(Data provided)
+ + + + + + +
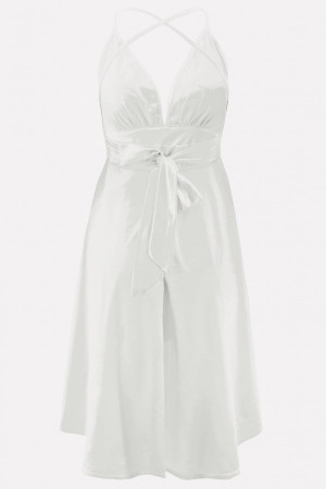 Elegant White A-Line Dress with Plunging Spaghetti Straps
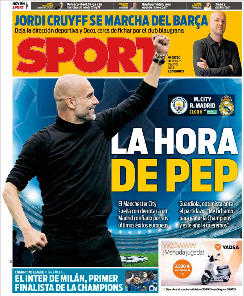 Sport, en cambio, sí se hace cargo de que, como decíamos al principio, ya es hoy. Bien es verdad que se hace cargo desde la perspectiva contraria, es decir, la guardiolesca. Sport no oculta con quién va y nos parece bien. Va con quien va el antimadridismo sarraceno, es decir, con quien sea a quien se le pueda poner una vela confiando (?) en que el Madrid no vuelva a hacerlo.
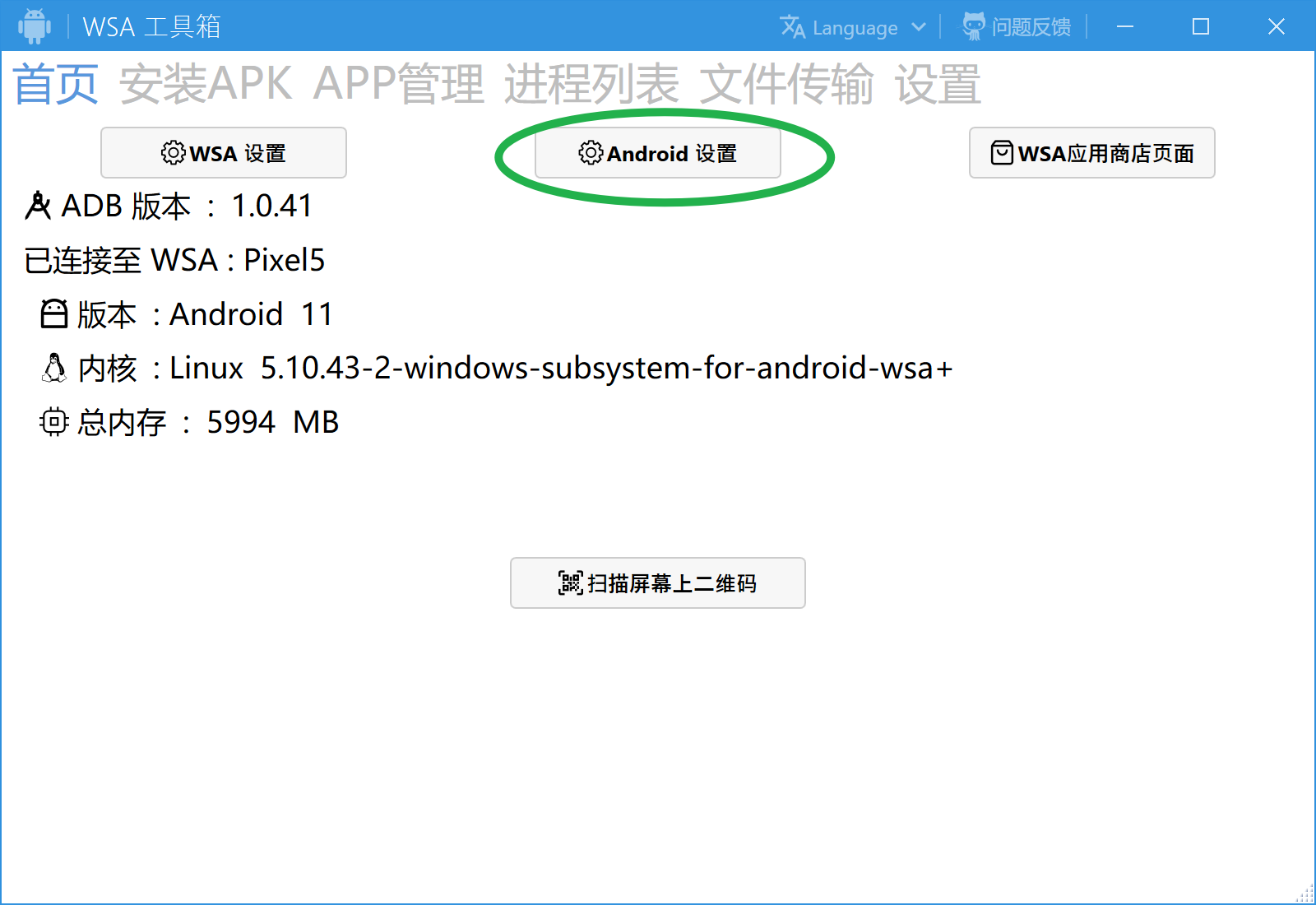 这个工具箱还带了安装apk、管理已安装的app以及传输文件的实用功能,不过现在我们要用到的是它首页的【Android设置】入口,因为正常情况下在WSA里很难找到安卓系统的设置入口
+ + + + + + +
(Problem details) Starting at the line that holds "Sport, en cambio, sí", repeat every line through the end of the listing exactly as written, skipping any picture.

(Task solution)
 Sport, en cambio, sí se hace cargo de que, como decíamos al principio, ya es hoy. Bien es verdad que se hace cargo desde la perspectiva contraria, es decir, la guardiolesca. Sport no oculta con quién va y nos parece bien. Va con quien va el antimadridismo sarraceno, es decir, con quien sea a quien se le pueda poner una vela confiando (?) en que el Madrid no vuelva a hacerlo.
 这个工具箱还带了安装apk、管理已安装的app以及传输文件的实用功能,不过现在我们要用到的是它首页的【Android设置】入口,因为正常情况下在WSA里很难找到安卓系统的设置入口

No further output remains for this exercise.